Don't try to help unless you know what you're talking about
I am so tired of the people who claim to be on my side misstating the debate.
There is an article in Inside Higher Ed by Gerald Graff that starts out all right—he's saying that the Intelligent Design creationists have hijacked the phrase "teach the controversy" and are using it inappropriately—but then he goes on to screw it up.
…there seems to me a certain failure of nerve here on the part of the Left. After all, if evolution and intelligent design were debated in academic courses, the religious Right would have the same risk of losing as the liberal secularists — maybe greater risk, if Hitchens is correct. In any case, it’s not clear that one wins a battle of beliefs by hunkering down, circling the wagons, and refusing to engage the other side. And if the Right has more money and media clout with which to shape such a debate, that may be all the more reason to enter the debate: if you don’t have money and media clout, arguments are your best bet.
We aren't "afraid" of creationism. We are not worried about discussing the subject in the classroom. We are also not trying to legislate that Intelligent Design not be taught; no one is suggesting that teachers should be penalized for mentioning Dembski or Paley or Gish in the classroom. We don't advocate that teachers should "act as if their students’ doubts about evolution don’t exist"—they should discuss these things. I am going to be giving a lecture on ID and creationism in our introductory biology course this semester. Can we please get it straight? It is infuriating to see the media and our so-called allies failing to grasp this fundamental point.

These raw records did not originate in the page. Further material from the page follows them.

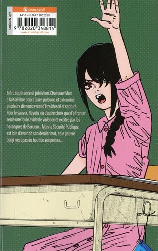 Entre souffrance et jubilation, Chainsaw Man a laissé libre cours à ses pulsions et exterminé plusieurs démons avant d'être blessé et capturé, Pour le sauver, Nayuta : n'a d'autre choix que d'affronter seule une foule avide de violence et excitée parles harangues de Baruem... Mais la Sécurité Publique est loin d'avoir dit son dernier mot, et le pauvre Denji n'est pas au bout de ses peines...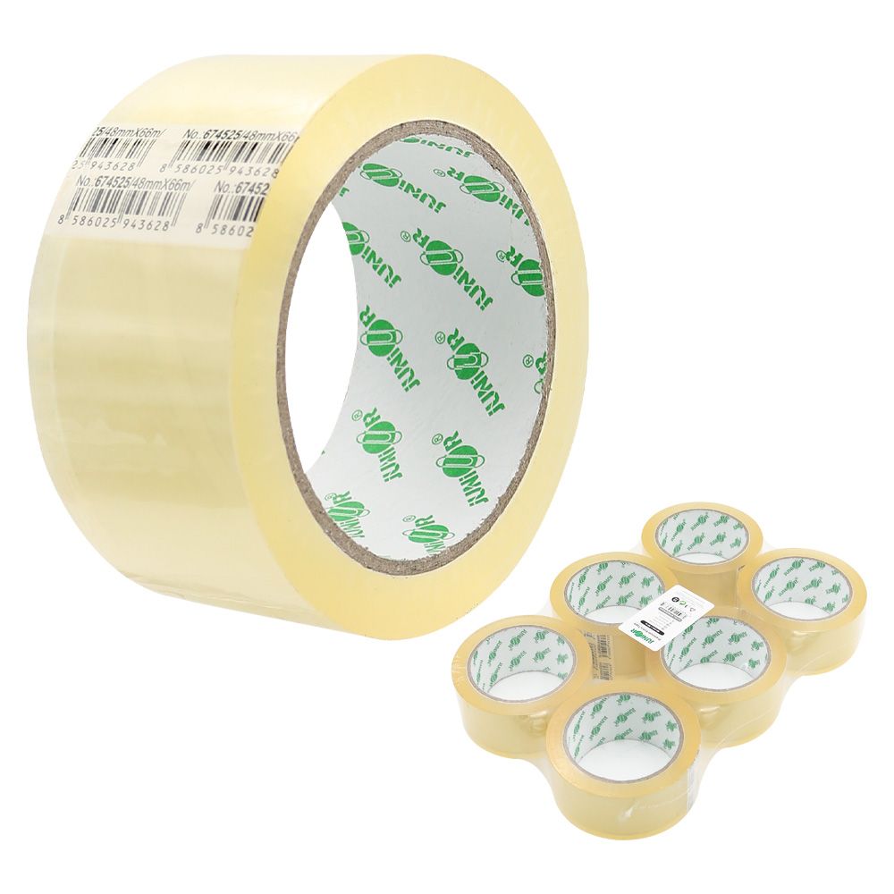Nízkohlučná lepiaca páska, návin 66 m, šírka 48 mm. Použiteľná do bežných odvíjačov. Hrúbka: 50 mic.
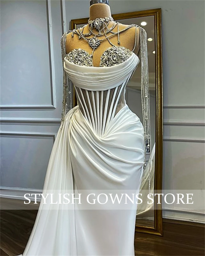 Сексуальные белые атласные вечерние платья с сердечком, отделанные бисером, модель 2022 года, платье с бахромой и складками для дня рождения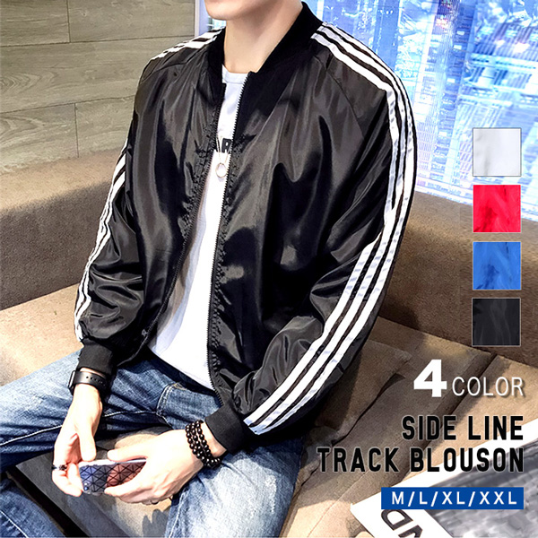ブルゾン メンズ ジャケット サイドライン おしゃれ シンプル 着回し抜群 スポーティー カジュアル 全4カラー カラー豊富 ジャージ風 サイズ豊富 薄手 軽い着心地 ユニセックス ホワイト ブラック ブルー レッド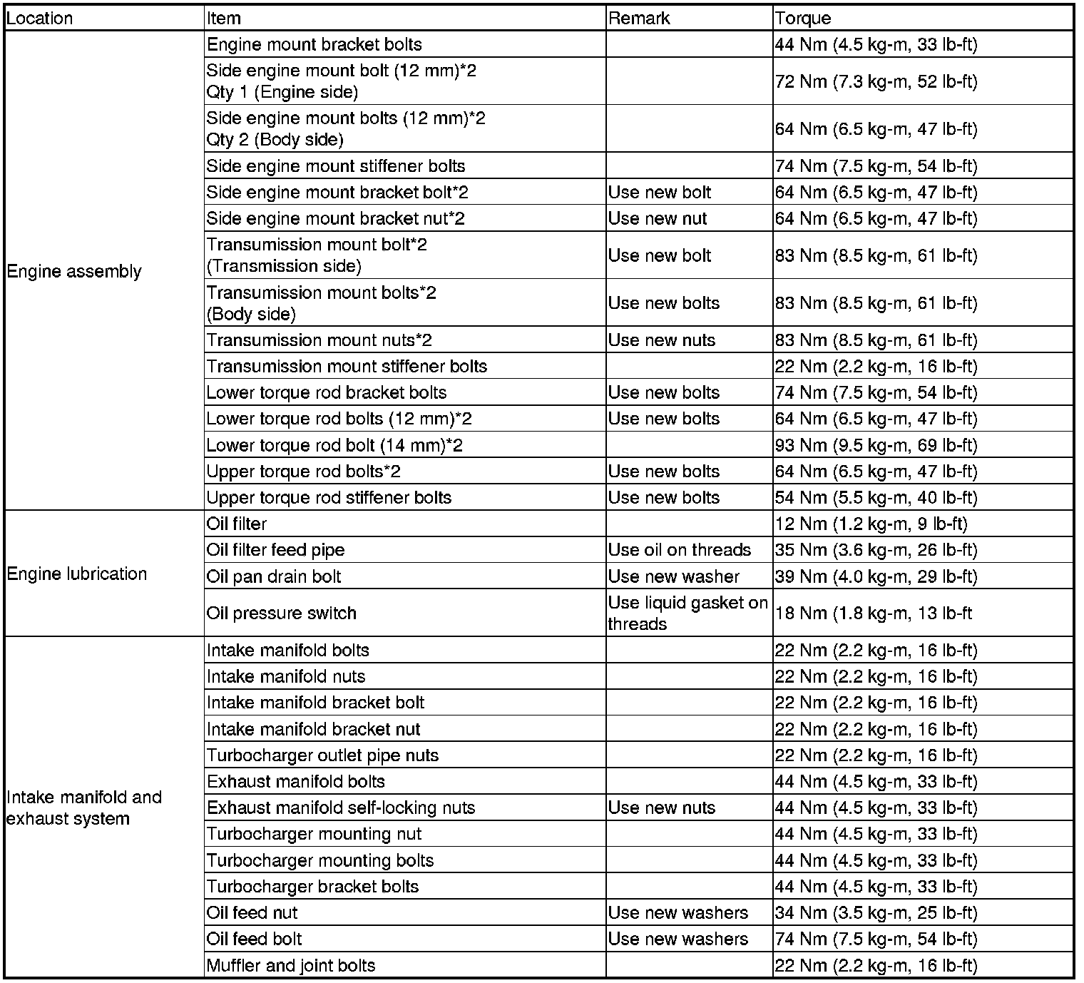 Refer to the Data for the bolts/nuts not indicated here.
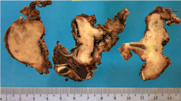 Figure 7: Photographs of the resected T9 corpectomy specimen show a white-grey appearance with firm consistency. The high-grade osteosarcoma was histologically similar to the previous biopsy specimen.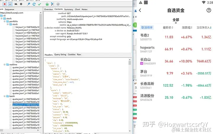 - 抓取雪球 app 自选–行情–A 股–涨幅榜股票列表的接口数据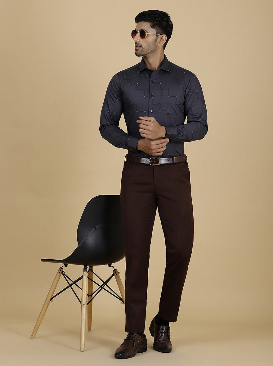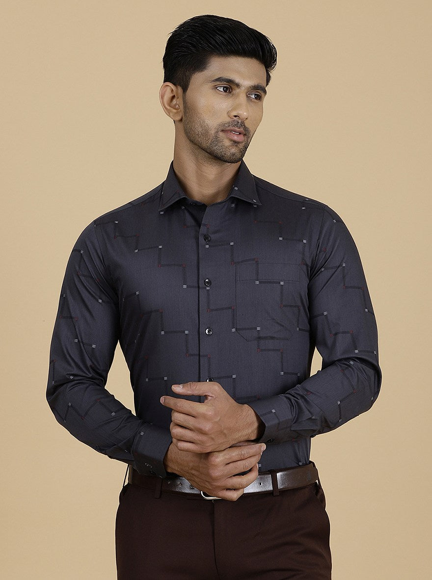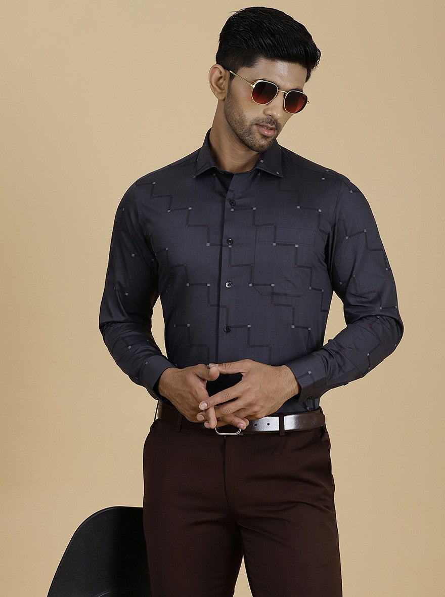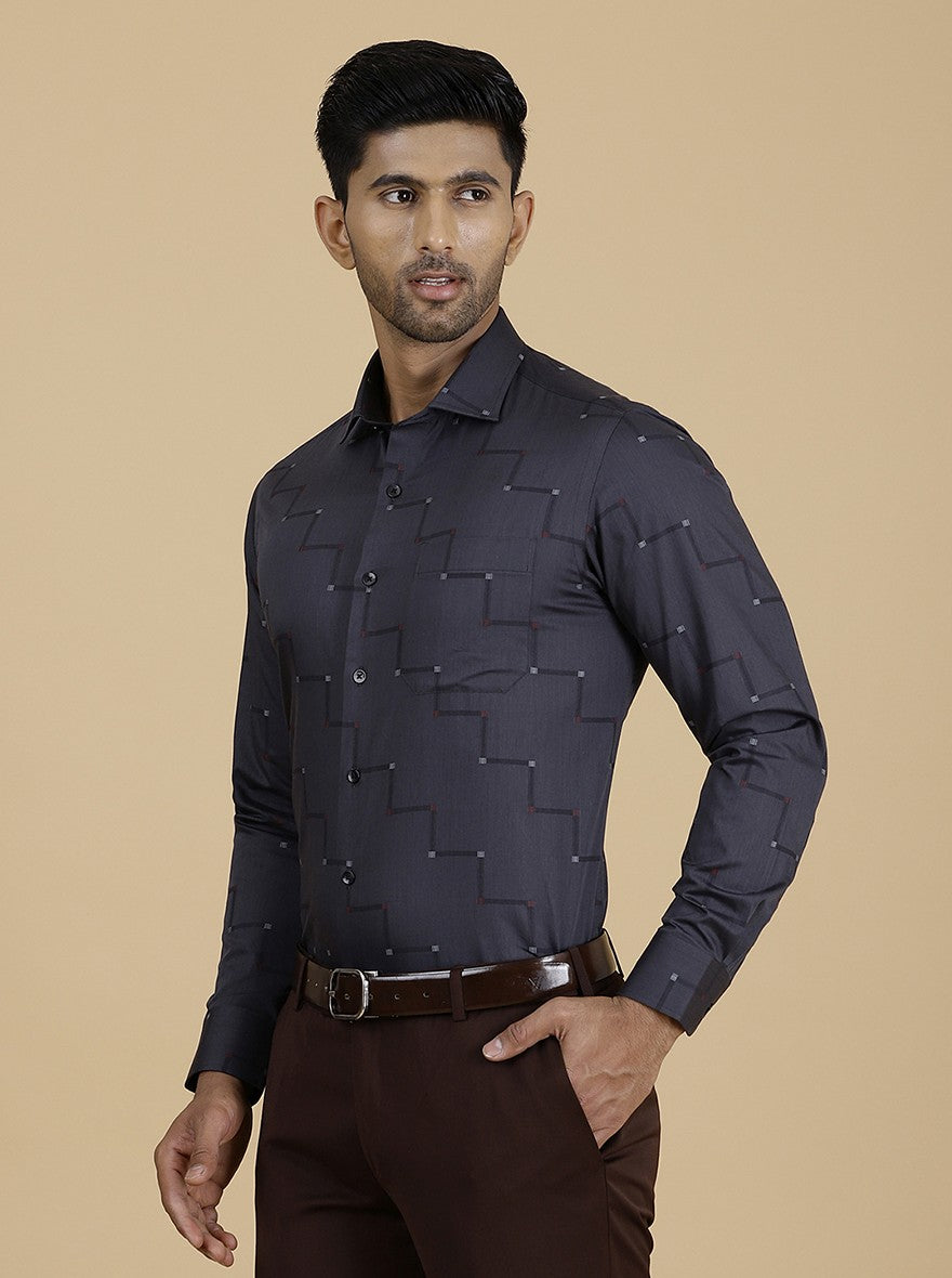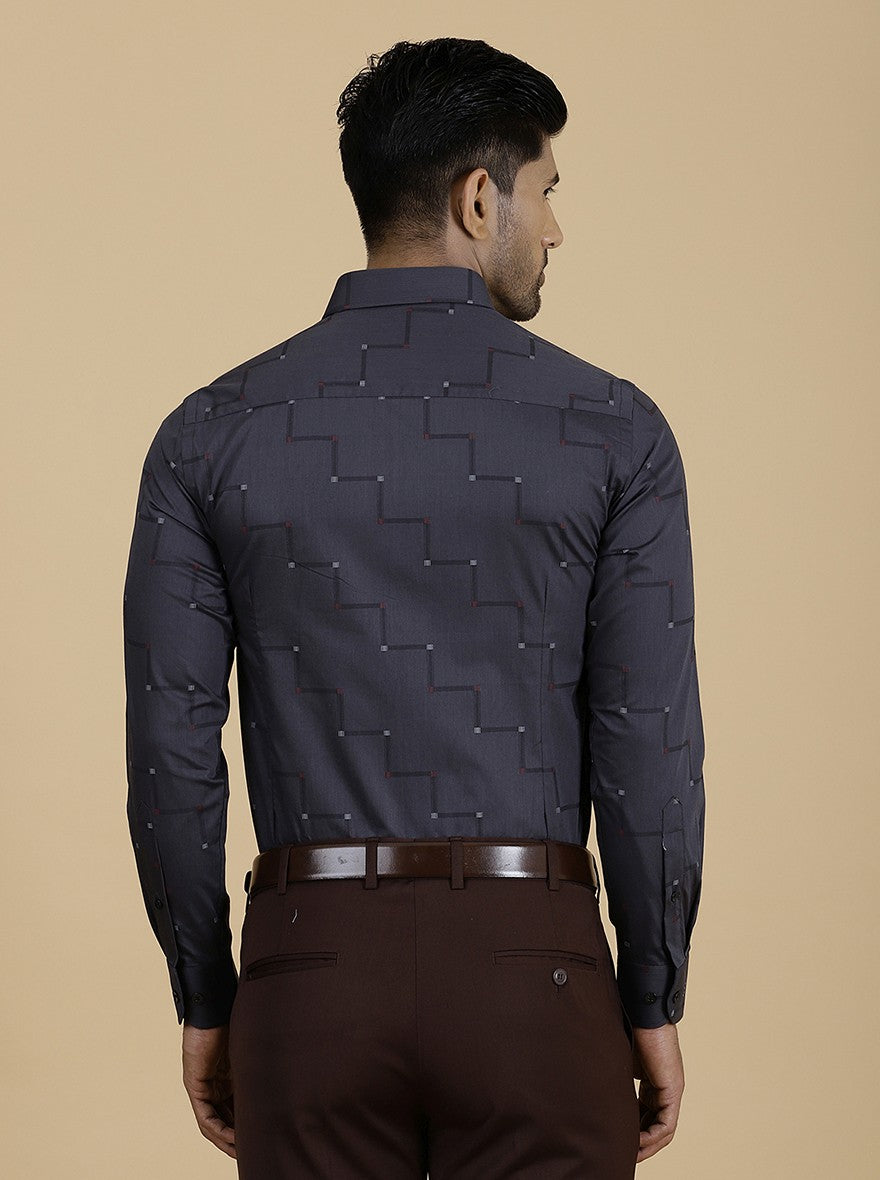 Dark Grey Printed Slim Fit Formal Shirt | Metal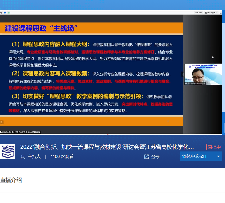韩杰教授就《化学专业课程思政建设的思考与实践》与参会代表分享我院化学专业在课程思政建设的具体措施和最新进展,同时分享了《物理化学》课程思政建设的教学实践经验和取得的成效。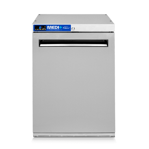 Medi+ Cabinet Pharmaceutical Freezer, undercounter, one-section, 606mm W, front vented self-contained refrigeration, 135 litre (4.8 cu. ft.) capacity, -18/-22° C temperature range, (1) glass door with magnetic balloon gaskets, barrel locks, (2) shelves, Medi+ controller with digital display, audio and visual alarms, lockable keypad, 80mm polyurethane insulation, exceeding Climate Class 4, stainless steel exterior, aluminium interior, 230v/50/1-ph, 7.7 startup amps/1.3 running amps, R290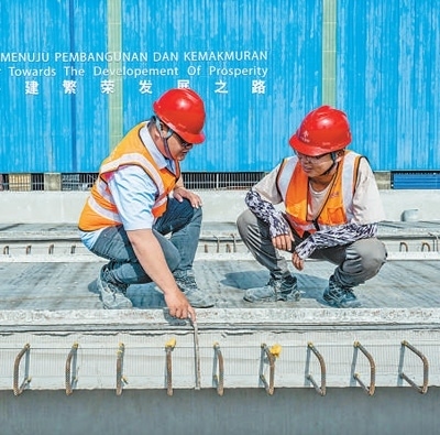 馬來西亞吉蘭丹州的馬東鐵項(xiàng)目一分部制梁場(chǎng),技術(shù)人員討論生產(chǎn)情況。新華社記者 朱 煒攝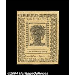Delaware January 1, 1776 10s Gem New. Another broadly margined beauty, with excellent printing quality and terrific eye appeal. Ideally centered on both sides. <BR><BR><B>Important notice:</B> Heritage usually auctions material at the rate of 200-250 lots per hour. On some occasions eBay Live bid software or the Internet may not be able to keep up with the pace of the auction. We recommend placing a realistic absentee bid now as insurance to avoid disappointment. Occasionally the auctioneer may eliminate or reject an eBay Live bid, and the auctioneer may also reopen a lot after the close of the eBay live bidding (usually because we missed an audience bid), and may reject your bid even if it shows you as the winning bidder. By bidding via eBay Live, you agree that Heritage may award the lot to another bidder at its sole discretion under the circumstances described above or any other reasonable circumstances. Since eBay bids are not shown to us until we open the lot on the floor, we treat those bids just like floor bids. In most cases the floor responds before the eBay bid is presented to us, due to Internet lag time, so for consistency we have made it a policy that floor bids are always considered first over tie eBay live bids. Also please note that all Heritage lots purchased through eBay Live carry a 20% Buyer's Premium. Please make sure you read the Terms and Conditions before you bid. <BR><BR><B>IMPORTANT ANNOUNCEMENT ABOUT RESERVES:</B> Heritage now divulges all reserves on its web site 7 days before every auction. If you want to know whether the reserve on this lot has been met, and if not, what the reserve amount is, please visit this lot page on the HeritageCoin.com web site, or email: bid@HeritageGalleries.com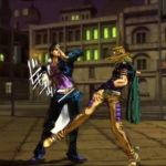 Il gameplay di JoJo’s vede contrapposti due avversari, in scenari ripresi con grande accuratezza dall’opera di riferimento. A disposizione del giocatore ci sono un attacco leggero, uno medio e uno pesante, mentre il quarto bottone del gamepad è dedicato allo spostamento sull’asse, elemento che consente di schivare attacchi dalla distanza spostandosi sulla profondità. Si tratta quindi di un picchiaduro bidimensionale, certo, ma con l’elemento della profondità che normalmente caratterizza i fighting game 3D. Ciascuno dei personaggi presenti nel gioco è classificato in una delle categorie presenti, ovvero Stand, Vampirismo, Energia Concentrica, Mode, A Cavallo, le pose Hamon e la trasformazione Baoh Armed Phenomenon. Questa classificazione determina lo stile di combattimento di base, come nel caso di “A Cavallo” che effettivamente pone il combattente sul dorso di un destriero, oppure quello che avviene con l’attivazione di un ulteriore comando sul pad. Nel caso dei lottatori della categoria Stand, per esempio, la pressione fa apparire le concretizzazioni dei corpi spirituali di ciascuno di loro, che si pongono in leggero secondo piano rispetto agli stessi, e che aprono le porte a nuove combo specifiche per ciascun personaggio. Quella della categorizzazione rappresenta una scelta saggia, che si integra perfettamente con la narrazione del manga, giacché solo dalla terza serie, gli Stand iniziano ad apparire, ed i personaggi provenienti dalle due precedenti avrebbero pagato, in termini di possibilità tattiche, se non avessero potuto contare su valide alternative. Le possibilità degli strampalati lottatori non finiscono qui, in ogni caso. All Star Battle non si fa mancare un indicatore, riempibile subendo o dando colpi all’avversario, indicatore che è possibile usare in maniera tattica attivando attacchi Heart Heat o Great Heat, rispettivamente con un minore e maggiore consumo di energia accumulata. In entrambi i casi si tratta di attacchi spettacolari assai potenti in termini di danno arrecato al nemico, che fortunatamente non richiedono di completare con successo inopportuni quick time event, lasciandoci il tempo di osservarne gli stilosi effetti grafici tranquillamente. In ultimo, l’energia accumulata può essere utilizzata, con un minor consumo rispetto alle abilità speciali, per attivare una super cancel che interrompe istantaneamente le animazioni in corso, così da concatenare attacchi differenti in combo personalizzate, o passare rapidamente in posizione difensiva qualora servisse. Il tutto funziona piuttosto bene, anche se una certa sensazione di lentezza delle animazioni dei personaggi rende il gameplay piuttosto macchinoso, soprattutto quando si tenta di gestire lo spazio con movimenti d’avvicinamento o d’allontanamento rispetto all’avversario. Probabilmente la causa principale di questa percezione è da attribuire in parte al gameplay in se’, in parte al limite di 30 frame per secondo imposto alla produzione, che rende il combattimento ravvicinato meno veloce e quindi meno istintivo di quello apprezzato in altri picchiaduro presentati a 60 FPS. La quantità di mosse e combo a disposizione di ciascun personaggio è anch’essa piuttosto limitata se si fa un confronto con altri concorrenti del genere, mentre è apprezzabile la diversificazione negli stili dei personaggi presenti, ciascuno con tecniche proprie e senza ricicli di sorta. Fortunatamente, quello che si perde in istintività e velocità d’esecuzione, si guadagna grazie ad un combattimento più ragionato e tattico, che richiede di usare saggiamente le specifiche abilità dettate dalla categoria d’appartenenza. Da citare una ulteriore peculiarità del gameplay, che vede la presenza di eventi attivabili all’interno degli stage. Questi vanno da un lampadario che si stacca quando ci si resta sotto troppo tempo, colpendo il malcapitato, fino a bighe con cavalli impazziti pronti ad investire il giocatore più distratto, nel bel mezzo del combattimento. Una simpatica introduzione che rimanda ad alcuni momenti epici della saga, con tanto di scena del manga in bianco e nero, in sovrapposizione sullo schermo.

This is about standards. What do we consider important for students to come out of the classroom knowing at the end of their school years? What are the valuable concepts in biology that a well-educated person should understand? It is not about pedagogy. If teachers want to use creationism as an example to illustrate concepts (I would hope as a bad example!), more power to 'em. Go for it.
Look, if a teacher finds that dressing up as a clown is a useful strategy for getting students to learn about evolution, I'm not going to argue about it. The issue is whether we want to specify in our standards that all students should graduate knowing how to tap dance in clown shoes.
We don't. The creationists do. It's that simple.
EvolutionBlog confronts a similarly ill-founded suggestion from a political scientist. Hey, people over there in that other culture, could you please try to get your stories straight before trying to help us? It's like watching Emily Litella rushing to our aid.


As usual, the so-called helping hand strikes again (and again). Help is hard (apparently).
Whenever someone says "I'm on your side on this evolution thing" our crap detectors should go into high gear.
Please stop helping. Instead go to the library and read a book on evolution or go through the journals on evolutionary biology or take a professor of evolutionary biology to lunch and ask for some help in understanding evolution and in this case what standards-based education means. Or admit the limits of what is understood. I don't mean to exclude taking a high school biology teacher to lunch either, one committed to standards-based education and committed to teaching evolutionary biology in her/his biology course. I can think of several here and can't forget those incredible teachers at Dover.
And what is so stunning is that there is not a lot to get straight: teach science in science class.
And PZ, was the squid news exciting, nearly unbelievable. What an elusive beast it is. Thanks for the URL to the paper. Another reason to love Darwin's tangled bank (and vasty deeps).